» Task prompt: Copy the records below exactly, from the line containing "索契体育场的设计体现了201" through the last line, and leave out every picture.

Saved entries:
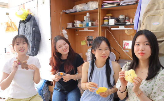 “一个人可以走得很快,但一群人才能走得更远。”笔者了解到,临近考期,紧张和焦虑弥漫在廖艺周围,也催生出专属于她独特的解压记忆:半夜10点半冲向烧烤摊的“治愈夜宵”、在寝室围坐夜谈释放情绪和互相安慰、临考前图书馆灯下与室友李芳芬裹紧外套互查考点的冬夜、生理学教材在昏暗光线下的斑驳影子……“有人在伸手不见五指的前方为你提灯,这种陪伴让你知道,你不是一个人在战斗。”这些苦中作乐的片段,成为支撑她走下去的微光。
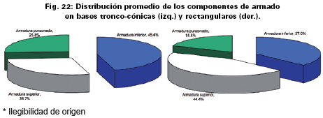 25 %. En las bases cuadradas, se incrementa la incidencia de la armadura superior cuanto mayor es el lado a causa del peso propio. Este valor puede llegar al 40 % de las armaduras totales. Las distribuciones expuestas permiten mejorar aspectos de diseño, economía y organización de la obra.• Las bases tronco-cónicas generan mayor dificultad en el doblado y armado de las barras de armadura, con valores superiores de horas/tonelada de acero trabajado a los obtenidos para las rectangulares (60 % del total). Para el encofrado, la relación se invierte, con un 40 % en las bases tronco-cónicas respecto del total de horas trabajadas por metro cuadrado de ambas bases.
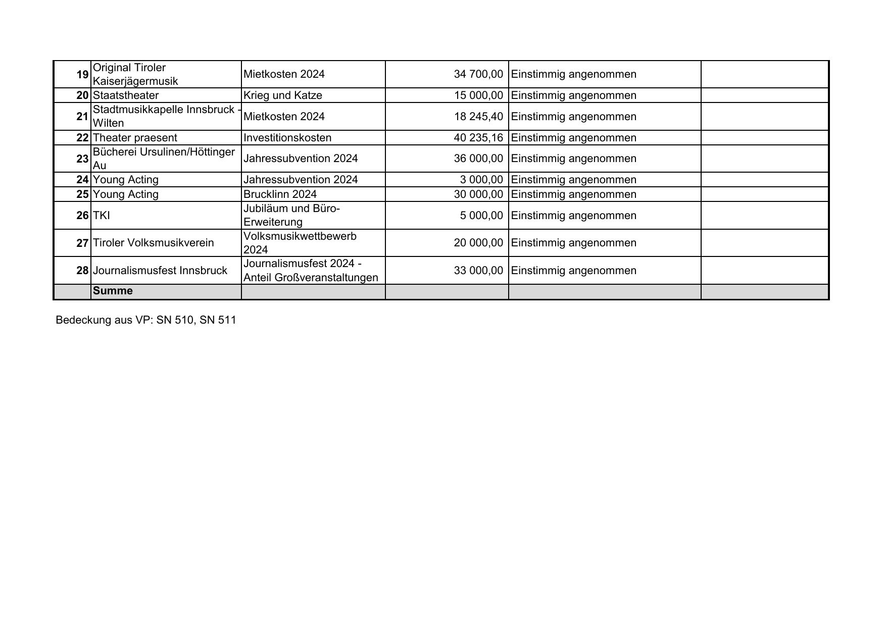 Stadtmusikkapelle Innsbruck Mietkosten 2024
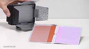 LedGo is een minder bekend merk en van deze fabrikant hebben we de CN-140 ter beschikking. Deze lamp is veel groter dan de Pocket Led’s van Manfrotto, maar is dan ook voorzien van 140 led-lampjes en geeft dus veel meer licht. De regeling is traploos. Het licht kan gebundeld worden met de ‘barn doors’ en er wordt een diffusor meegeleverd die eventueel vervangen kan worden door kleurenfilters van 3000 of 4000°K. In het veld is hij minder handzaam dan de Manfrotto’s en zijn toepassing ligt meer in de studio voor grotere voorwerpen. Hij is ook goed te gebruiken als videolamp.
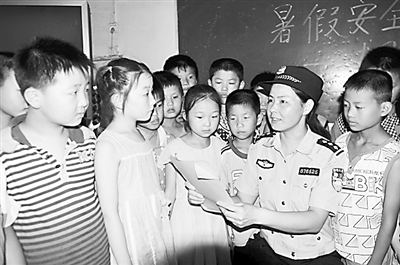 为了让小学生度过一个快乐的暑假,近日,河南正阳县巡特警走进辖区内的小学校园,专门为孩子们举办安全知识讲座,并发放宣传手册。
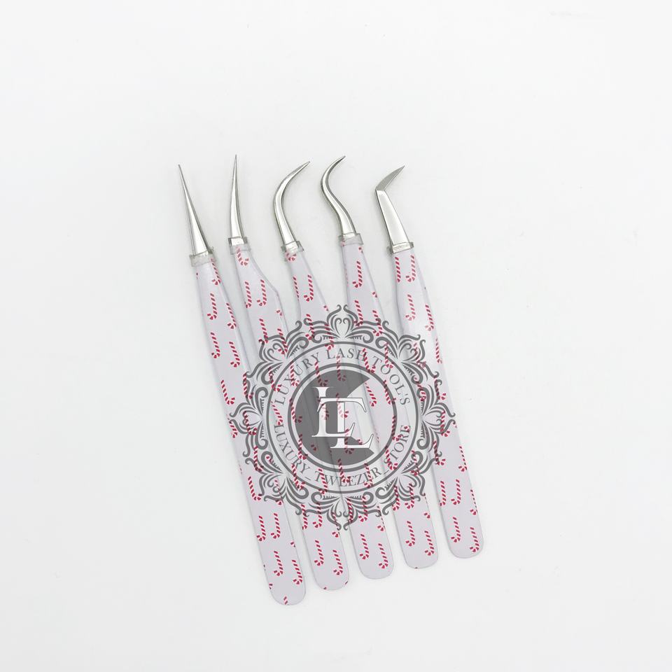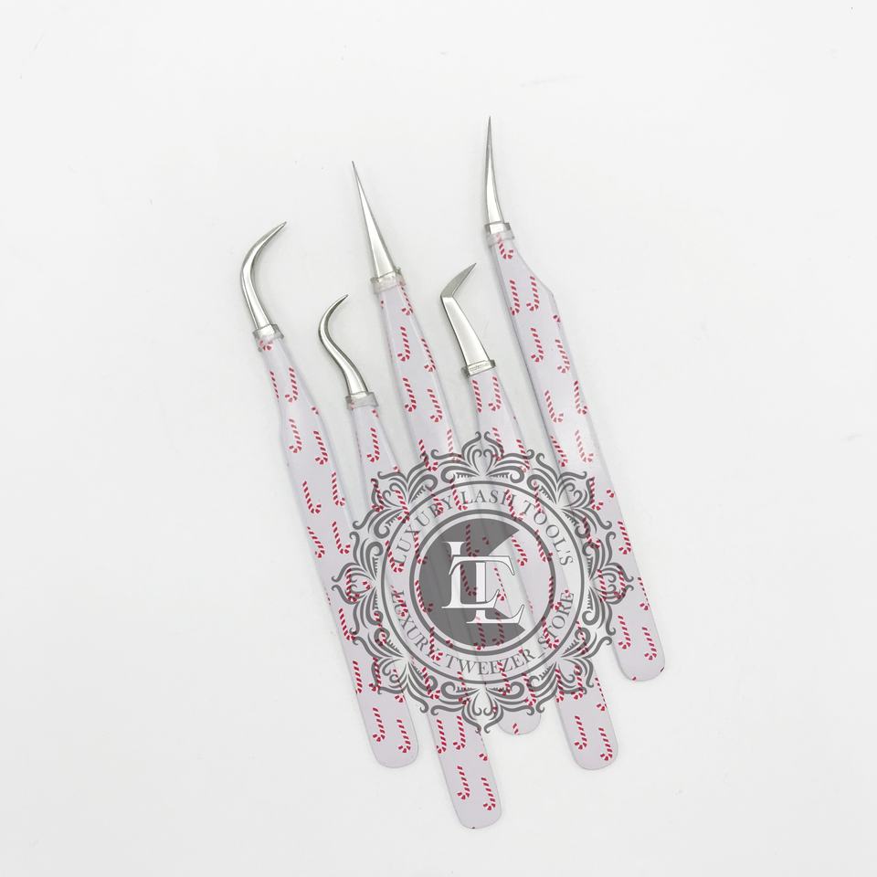 แหนบต่อขนตาทำจากสเตนเลสเคลือบเมอร์รี่คริสต์มาสใช้มือทดสอบปลายเงินติดป้ายตามต้องการ
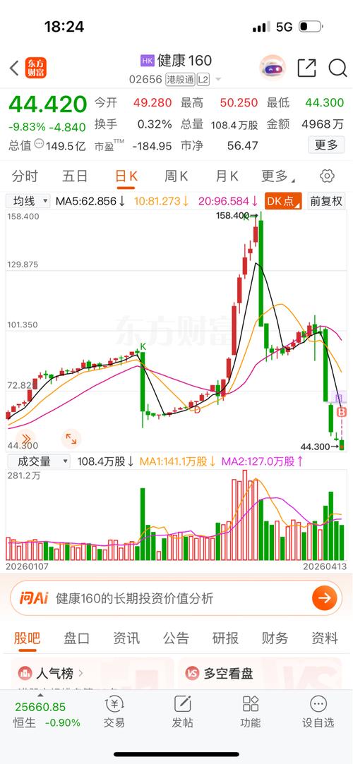 $美光科技(NASDAQ|MU)$$特斯拉(NASDAQ|TSLA)$$健康160(HK|02656)$抓紧进场吃肉了,只有100/10流通盘,还没有赚钱的,港股通人数又不多只有1%,套牢位在100元左右,估计卖的人也不会多,纯情绪砸下来的
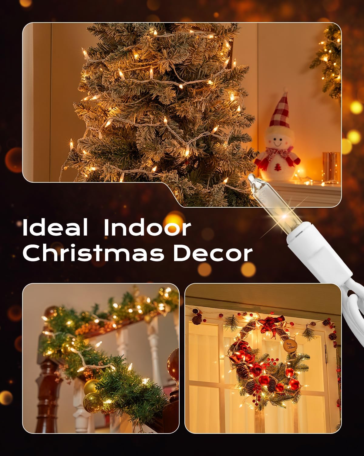 - 【Festive Mini Christmas Lights Set】This set includes 200 transparent incandescent mini-lights on 51.5 ft white wire, with bulbs spaced 3-inche apart and 18-inch lead wire. Perfect for holiday decorating, with the ability to connect up to 2 light strings end-to-end;
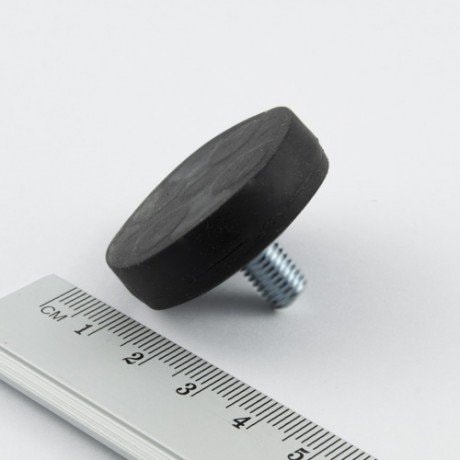 Pot magnet with threaded stud, 31×6 mm, rubber coated, M6
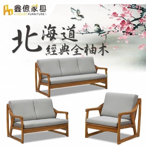 北海道全柚木1+2+3人沙發+大小茶几(含2椅凳)
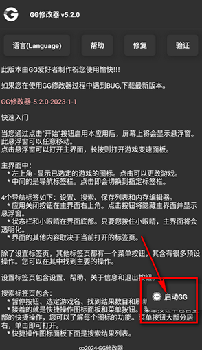 打开GG修改器,点击界面右下角的启动按钮。
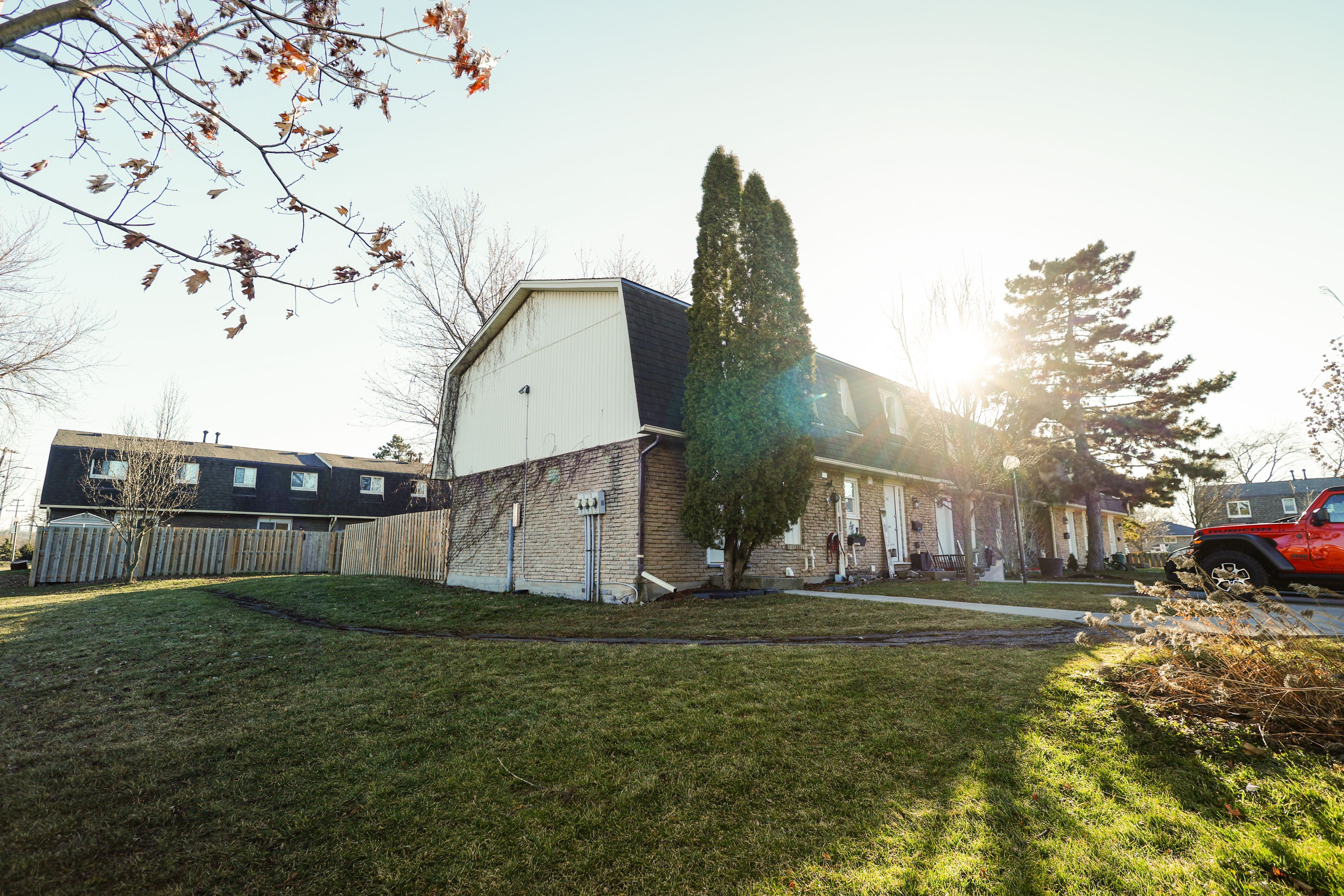 Renovated two-storey end unit townhouse, move-in ready with immediate possession. Located next to a park for added privacy. Extensively updated throughout, including new central air conditioning, a rare feature in this complex. Modern kitchen with new cabinets, stove, dishwasher, and proper range hood with exterior exhaust. Pot lights throughout, updated flooring, doors, trim, lighting, and fresh paint. Updated bathroom with walk-in shower, vanity, and sink. Finished basement with rec room, pot lights, furnace, laundry, and storage. Fully fenced backyard features a large patio, outdoor lighting, and seating area. The monthly maintenance covers water bill, building insurance as well, landscaping, grass and snow removal. Also option to rent the home with the some of the furniture. *water is included in rent. Tenant pays, hydro, gas and hot water heater rental.*
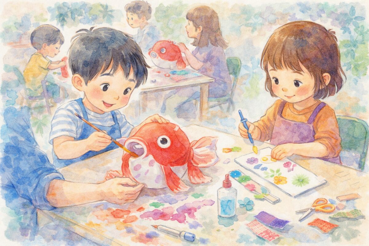 柳井市のかわいらしい金魚ちょうちん作りや、伝統の山代和紙を使ったしおり作りなど、山口の文化に触れながらものづくりを楽しめるのが大きな魅力。
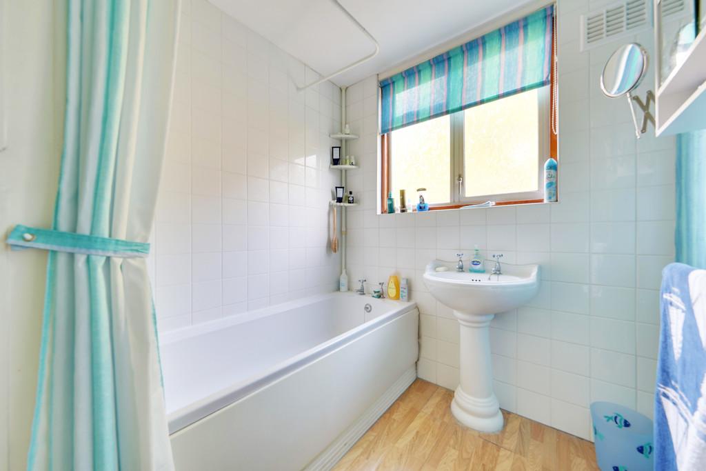 BATHROOM Wash hand basin, bath, double glazed opaque window to rear, wood effect flooring, heated towel rail.
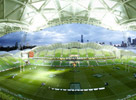 索契体育场的设计体现了2014年冬运会的美好愿景,也是索契一个永恒的传奇。体育场位于海岸边,周围群山围绕。该体育场在白天与周围的风景相应相生,晚
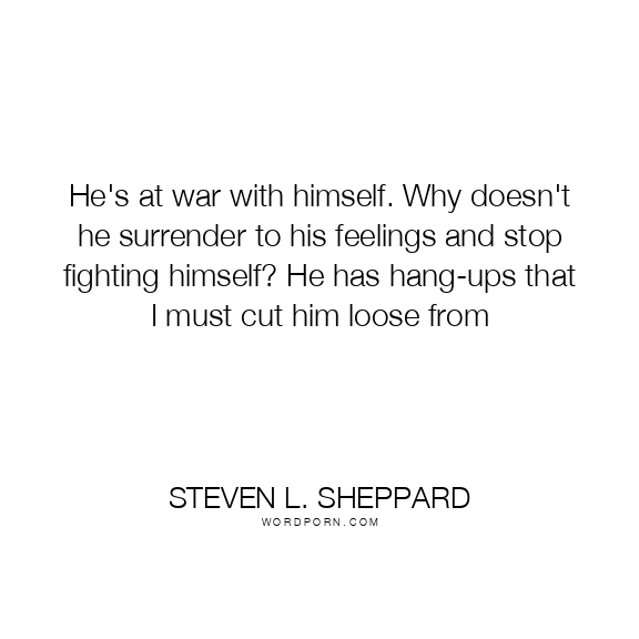 He's at war with himself. Why doesn't he surrender to his feelings and stop fighting himself? He has hang-ups that I must cut him loose from
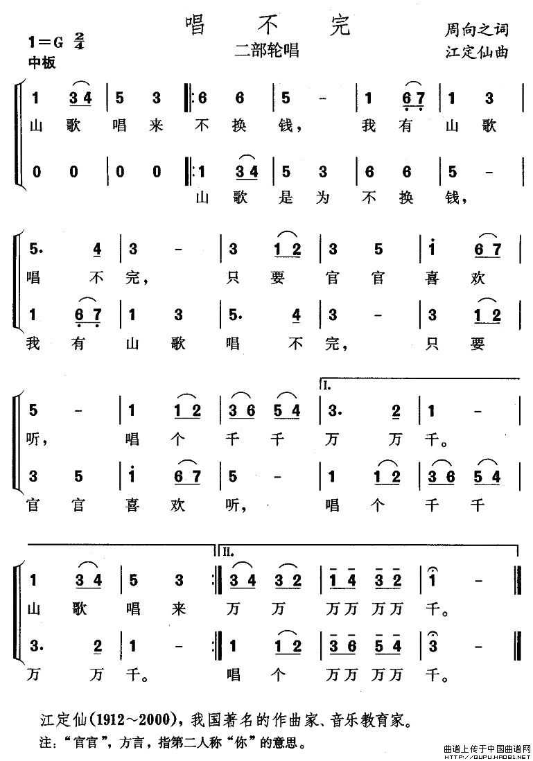 唱不完(二部轮唱)
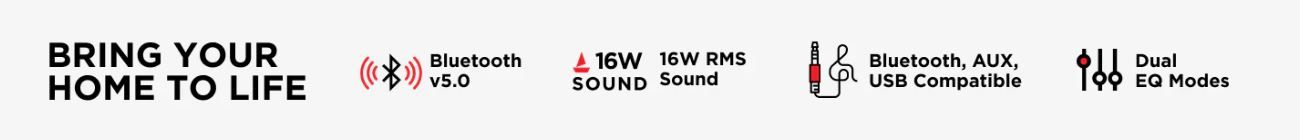 | Key Features | Bluetooth 5.0 connectivity 16 Watts RMS sound Bluetooth, AUX, USB Compatible Dual EQ Mode, Up to 4.5 Hours Of Playtime With Built-in Mic, Deep Bass & Balanced |

» Written response:
 索契体育场的设计体现了2014年冬运会的美好愿景,也是索契一个永恒的传奇。体育场位于海岸边,周围群山围绕。该体育场在白天与周围的风景相应相生,晚
 He's at war with himself. Why doesn't he surrender to his feelings and stop fighting himself? He has hang-ups that I must cut him loose from
 唱不完(二部轮唱)
 | Key Features | Bluetooth 5.0 connectivity 16 Watts RMS sound Bluetooth, AUX, USB Compatible Dual EQ Mode, Up to 4.5 Hours Of Playtime With Built-in Mic, Deep Bass & Balanced |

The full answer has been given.